Las dínamos jadeaban en el subsótano, y los ascensores
subían y bajaban. En los once pisos de las Guarderías era la
hora de comer. Mil ochocientos niños, cuidadosamente etiquetados,
extraían, simultáneamente, de mil ochocientos biberones, su medio
litro de secreción externa pasteurizada.
Más arriba, en las diez plantas sucesivas destinadas a dormitorios, los
niños y niñas que todavía eran lo bastante pequeños
para necesitar una siesta, se hallaban tan atareados como todo el mundo, aunque
ellos no lo sabían, escuchando inconscientemente las lecciones
hipnopédicas de higiene y sociabilidad, de conciencia de clases y de
vida erótica. Y más arriba aún, había las salas de
juego, donde, por ser un día lluvioso, novecientos niños un poco
mayores se divertían jugando con ladrillos, modelando con ladrillos,
modelando con arcilla, o dedicándose a jugar al escondite o a los
corrientes juegos eróticos.
¡Zummm ... ! La colmena zumbaba, atareada, alegremente. ¡Alegres eran
las canciones que tarareaban las muchachas inclinadas sobre los tubos de
ensayo! Los predestinadores silboteaban mientras trabajaban, y en la Sala de
Decantación se contaban chistes estupendos por encima de los frascos
vacíos. Pero el rostro del director, cuando entró en la Sala de
Fecundación con Henry Foster, aparecía grave, severo,
petrificado.
-Un escarmiento público -decía-. Y en esta sala, porque en ella
hay más trabajadores de casta alta que en ninguna otra de las del
Centro. Le he dicho que viniera a verme aquí a las dos y media.

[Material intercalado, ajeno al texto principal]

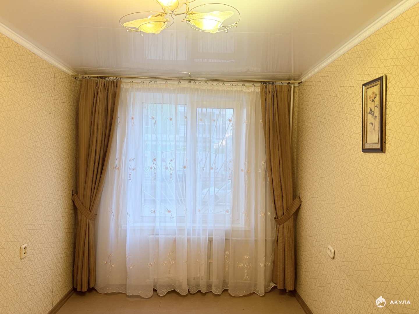 Квартира в среднем состоянии, но чистая, расположена на первом этаже, для спокойствия сделаны решетки на окнах. Площадь с учетом лоджии 58, 7 кв.м. В зале установлена гибсокартонная перегородка, поэтому комнаты не проходные, изолированные.
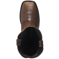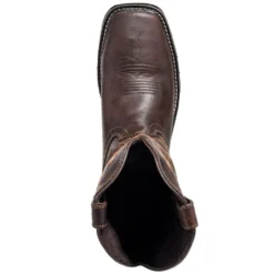 With excellent slip resistance, that means you’ll be on your feet more often. And when you’re on your feet for far too many hours during the work day, you need excellent cushioning underfoot. Justin added their J-Flex Flexible Comfort System insoles to these 11-inch cowhide boots, and these offer enhanced cushioning and support from below. This special system returns energy to your feet with every step you take. The cushioned insoles and triple-density insole boards will feel broken in from the start. Surrounding that exceptional comfort from within are rugged, clean ivory cowhide leather uppers that are 11 inches in height. These bad boys are embellished (because why not?) by a retro-themed yellow, red, and green stitch pattern. The rich brown square toe vamps add even more appeal to the design. The foot of the titanium white boots is a copper kettle cowhide, and these steel toe leather boots are ready to bring comfort and durability to your day.
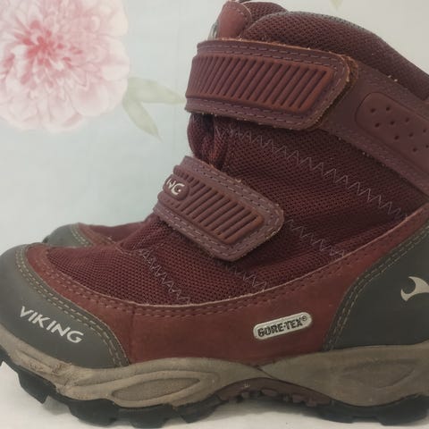 Myydään tarpeettomana tyttöjen Viking Goretex viininpunaiset talvikengät koossa 32. Pohjallisen mitta n.20cm.

-Cumple su tarea admirablemente -dijo Henry, con hipócrita
generosidad.
-Lo sé. Razón de más para mostrarme severo con él.
Su eminencia intelectual entraña las correspondientes responsabilidades
morales. cuanto mayores son los talentos de un hombre más grande es su
poder de corromper a los demás. Y es mejor que sufra uno solo a que se
corrompan muchos. Considere el caso desapasionadamente, Mr. Foster, y
verá que no existe ofensa tan odiosa como la heterodoxia en el
comportamiento. El asesino sólo mata al individuo, y, al fin y al cabo,
¿qué es un individuo? -Con un amplio ademán
señaló las hileras de microscopios, los tubos de ensayo, las
incubadoras-. Podemos fabricar otro nuevo con la mayor facilidad; tantos como
queramos. La heterodoxia amenaza algo mucho más importante que la vida
de un individuo; amenaza a la propia Sociedad. Sí, a la propia Sociedad
-repitió-. Pero, aquí viene.
Bernard había entrado en la sala y se acercaba a ellos pasando por entre
las hileras de fecundadores. Su expresión jactancioso, de confianza en
sí mismo, apenas lograba disimular su nerviosismo. La voz con que dijo:
Buenos días, director sonó demasiado fuerte, absurdamente alta; y
cuando, para corregir su error, dijo: Me pidió usted que acudiera
aquí para hablarme, lo hizo con voz ridículamente
débil.
-Sí, Mr. Marx -dijo el director enfáticamente-. Le pedí
que acudiera a verme aquí. Tengo entendido que regresó usted de
sus vacaciones anoche.
-Sí -contestó Bernard.
-Ssssí -repitió el director, acentuando la s, en un
silbido como de serpiente. Luego, levantando súbitamente la voz,
trompeteó-: Señoras y caballeros, señoras y caballeros.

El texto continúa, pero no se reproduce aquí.